#### Listed entries ####

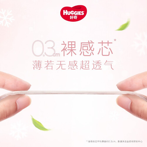 选羽柔纤维面料,更亲肤,减少尿液对肌肤的接触,让小屁屁更舒适。0.3cm裸感芯体,快速锁住水分,无需半夜起床更换。
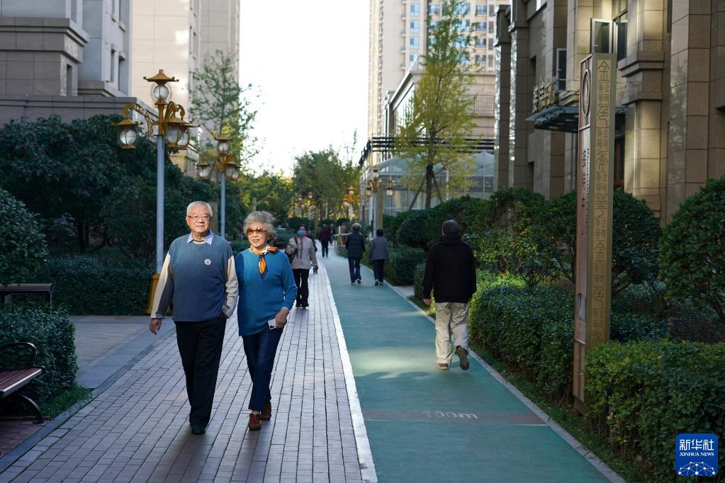 10月11日,在位于河北燕郊的燕達金色年華健康養護中心,呂偉業(yè)(左)和李戰平在散步。
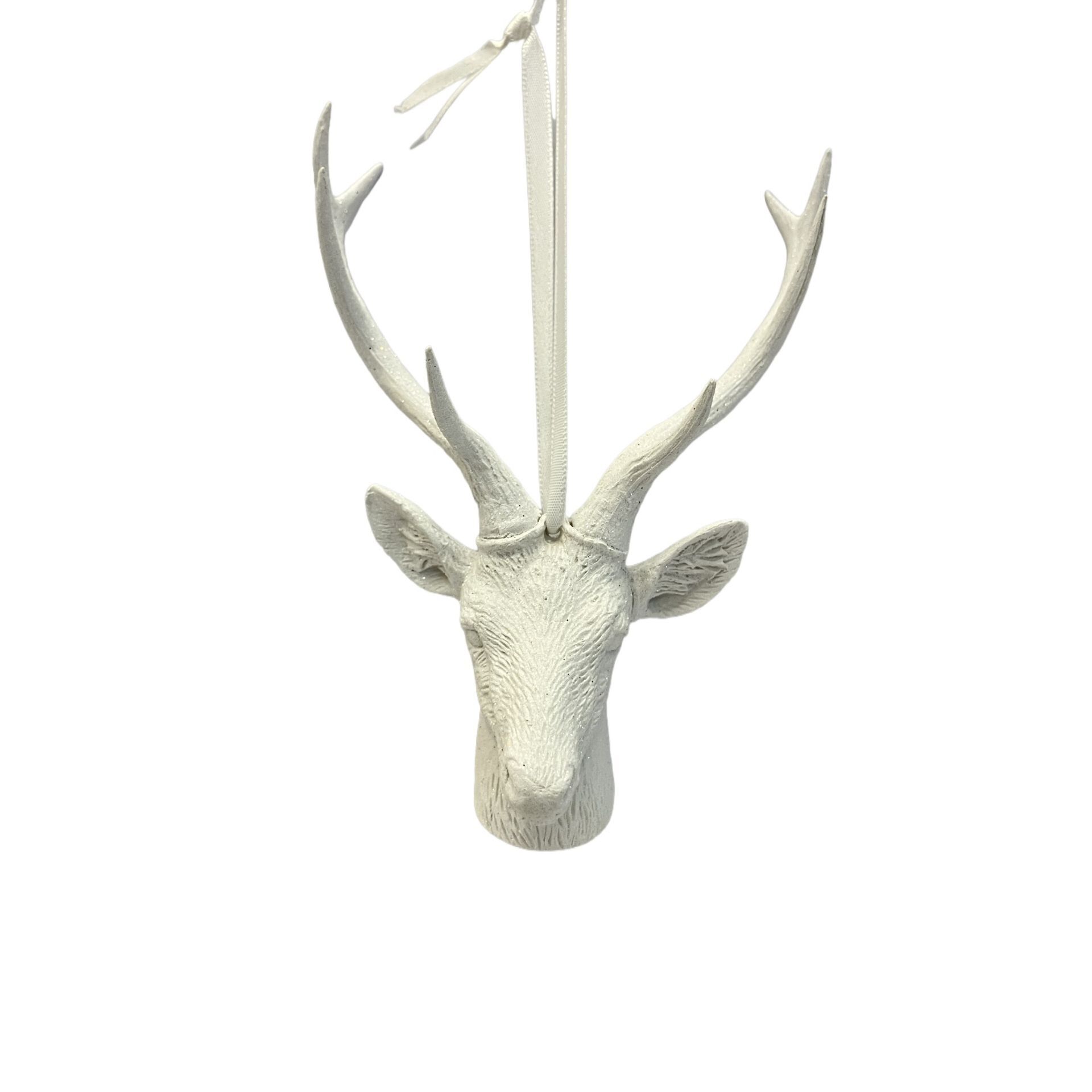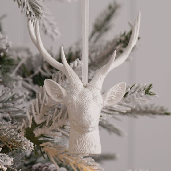The Christmas Deer Head Hanging Decoration serves as a refined focal point for seasonal interiors, adding elegance and sophistication. Featuring a white deer head with large antlers, it showcases crisp contours and a smooth, matte finish. The understated palette and graceful form evoke winter calm. Complete the look with serene, harmonious pieces from the Frosted Haven collection for a peaceful holiday setting.
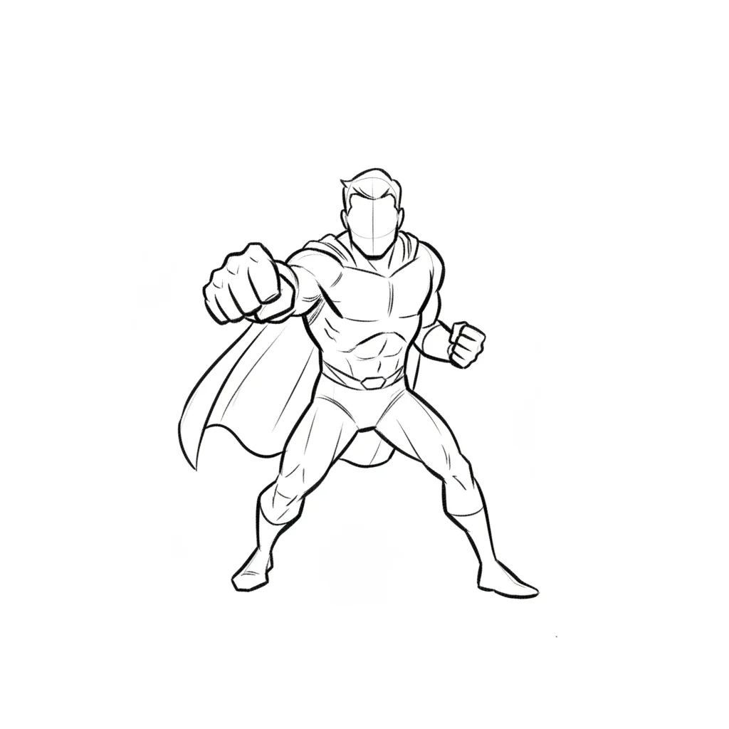 Strichzeichnung eines Superhelden mit Umhang in Kampfpose, bereit zum Schlag.
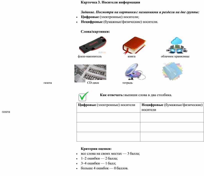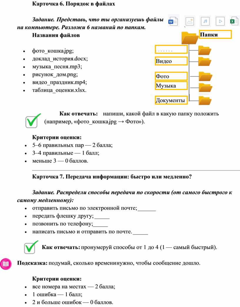 что ты организуешь файлы на компьютере. Разложи 6 названий по папкам.
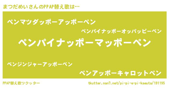 | ピコ太郎風あだ名 | 『ピコマ郎』『マツ史郎』『ピマ六郎』 |
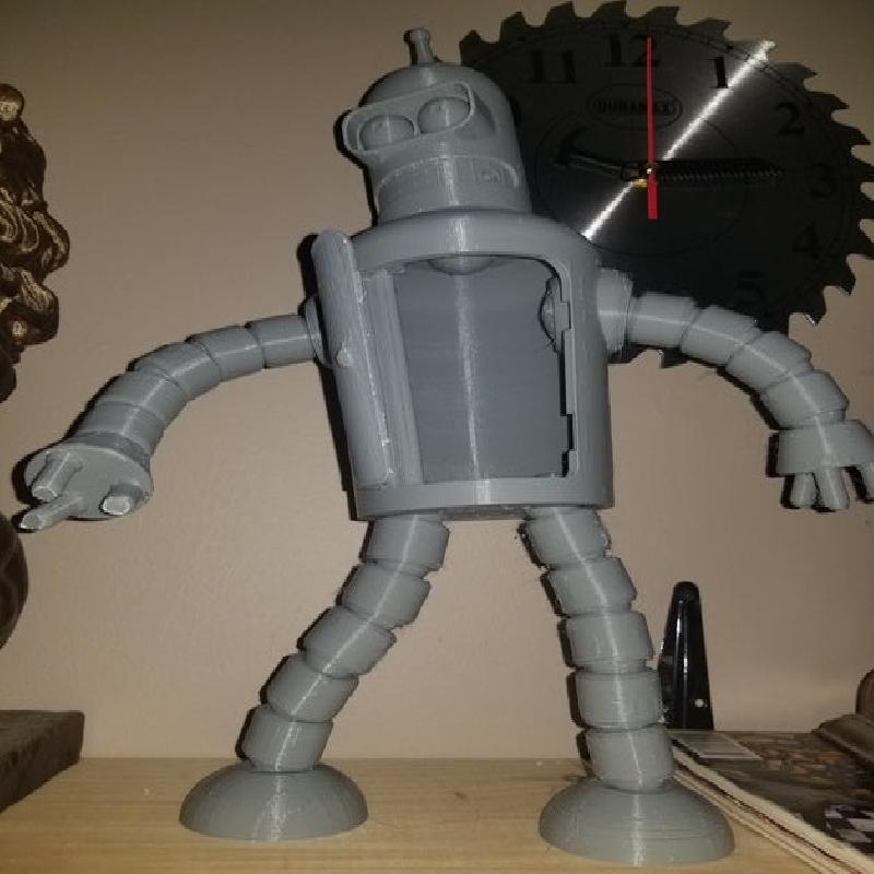 Bender from Futurama - Pose-able. Print the quantity of each STL as the file name states. Some model file may require supports such as the head and the door. All parts have some mobility.  Total assembled height is somewhere around 430mm/134". sample that was printed in the photos is from a poorly calibrated X5S and was done for the purpose of tweaking the model.
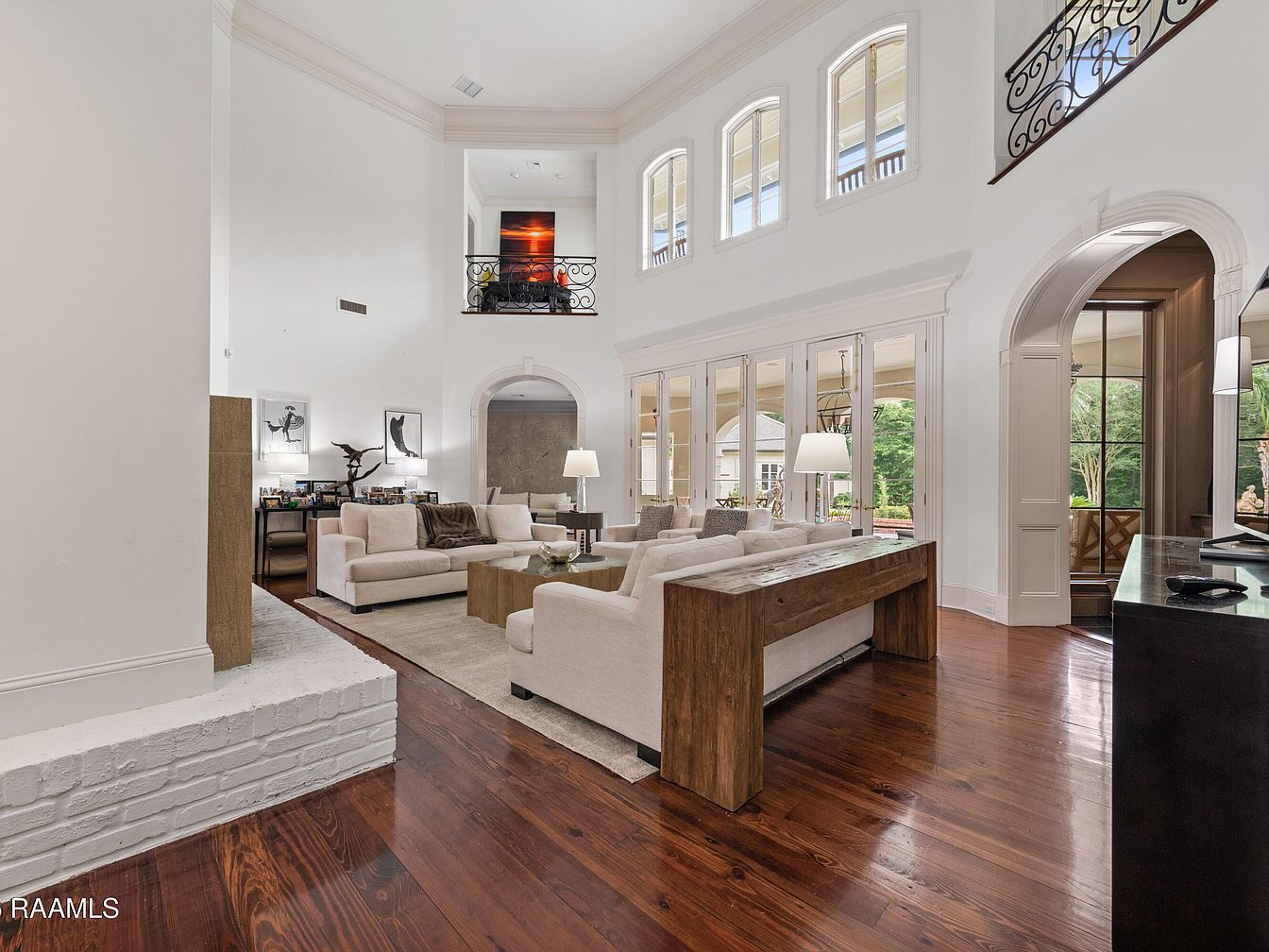 This inviting living room exudes sophistication with its high ceilings and expansive layout, framed by large windows that flood the space with natural light. The soft, neutral color palette of beige and white creates a calming atmosphere, complemented by rich wooden flooring. A cozy arrangement of plush, contemporary sofas surrounds a sleek coffee table, fostering a welcoming environment for family gatherings. Architectural details, including the graceful arches and elegant crown molding, enhance the room’s charm. A stylish stone fireplace serves as a striking focal point, while tasteful decor adds warmth and personality, making it an ideal space for relaxation and entertainment.
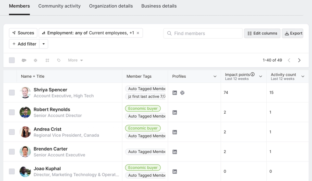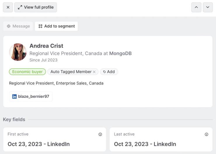 We can filter these individuals based on job title, economic buying power, and more, as well as double-click into them to get a peek at their work histories, contact information, and recent cross-channel activities.
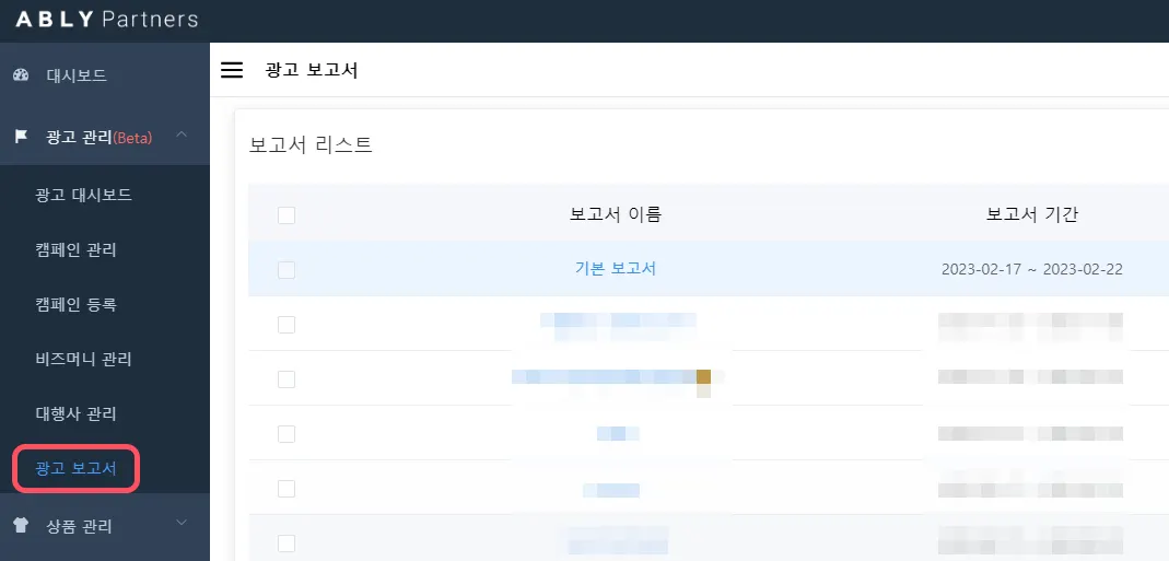 에이블리의 광고 보고서는 다음 2가지로 구분됩니다.
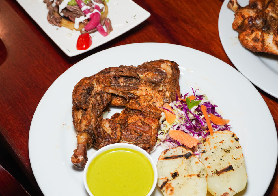 Fried chicken marinated in traditional aji panca sauce; served with grilled potatoes, cabbage salad, and aji rocoto sauce (By Anita Vinces).
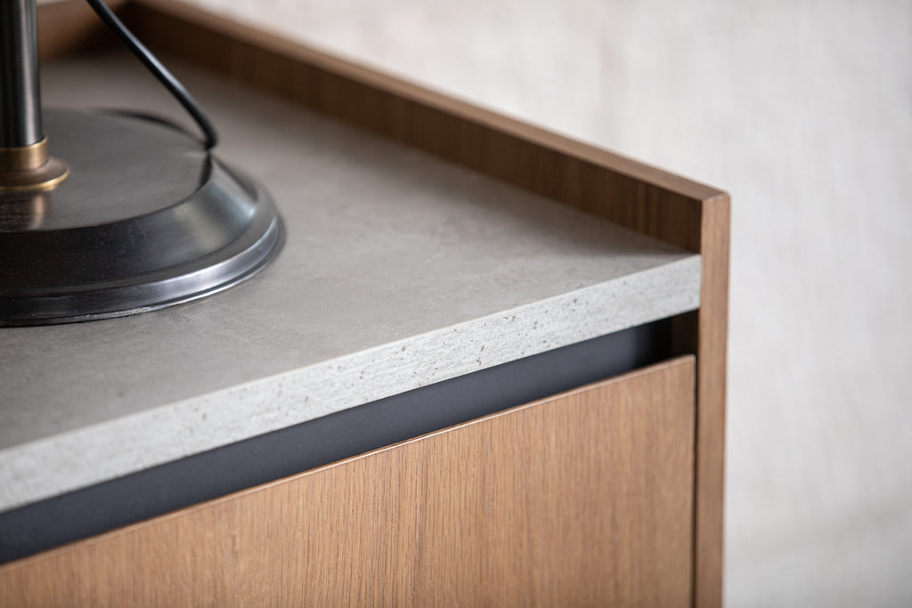 Tủ Trang Trí Gỗ Sồi Kết Hợp Mặt Bàn Đá

####

Instructions for the task
Exactly as written, return each line above and leave the pictures behind.

Your response
 选羽柔纤维面料,更亲肤,减少尿液对肌肤的接触,让小屁屁更舒适。0.3cm裸感芯体,快速锁住水分,无需半夜起床更换。
 10月11日,在位于河北燕郊的燕達金色年華健康養護中心,呂偉業(yè)(左)和李戰平在散步。
The Christmas Deer Head Hanging Decoration serves as a refined focal point for seasonal interiors, adding elegance and sophistication. Featuring a white deer head with large antlers, it showcases crisp contours and a smooth, matte finish. The understated palette and graceful form evoke winter calm. Complete the look with serene, harmonious pieces from the Frosted Haven collection for a peaceful holiday setting.
 Strichzeichnung eines Superhelden mit Umhang in Kampfpose, bereit zum Schlag.
 что ты организуешь файлы на компьютере. Разложи 6 названий по папкам.
 | ピコ太郎風あだ名 | 『ピコマ郎』『マツ史郎』『ピマ六郎』 |
 Bender from Futurama - Pose-able. Print the quantity of each STL as the file name states. Some model file may require supports such as the head and the door. All parts have some mobility.  Total assembled height is somewhere around 430mm/134". sample that was printed in the photos is from a poorly calibrated X5S and was done for the purpose of tweaking the model.
 This inviting living room exudes sophistication with its high ceilings and expansive layout, framed by large windows that flood the space with natural light. The soft, neutral color palette of beige and white creates a calming atmosphere, complemented by rich wooden flooring. A cozy arrangement of plush, contemporary sofas surrounds a sleek coffee table, fostering a welcoming environment for family gatherings. Architectural details, including the graceful arches and elegant crown molding, enhance the room’s charm. A stylish stone fireplace serves as a striking focal point, while tasteful decor adds warmth and personality, making it an ideal space for relaxation and entertainment.
 We can filter these individuals based on job title, economic buying power, and more, as well as double-click into them to get a peek at their work histories, contact information, and recent cross-channel activities.
 에이블리의 광고 보고서는 다음 2가지로 구분됩니다.
 Fried chicken marinated in traditional aji panca sauce; served with grilled potatoes, cabbage salad, and aji rocoto sauce (By Anita Vinces).
 Tủ Trang Trí Gỗ Sồi Kết Hợp Mặt Bàn Đá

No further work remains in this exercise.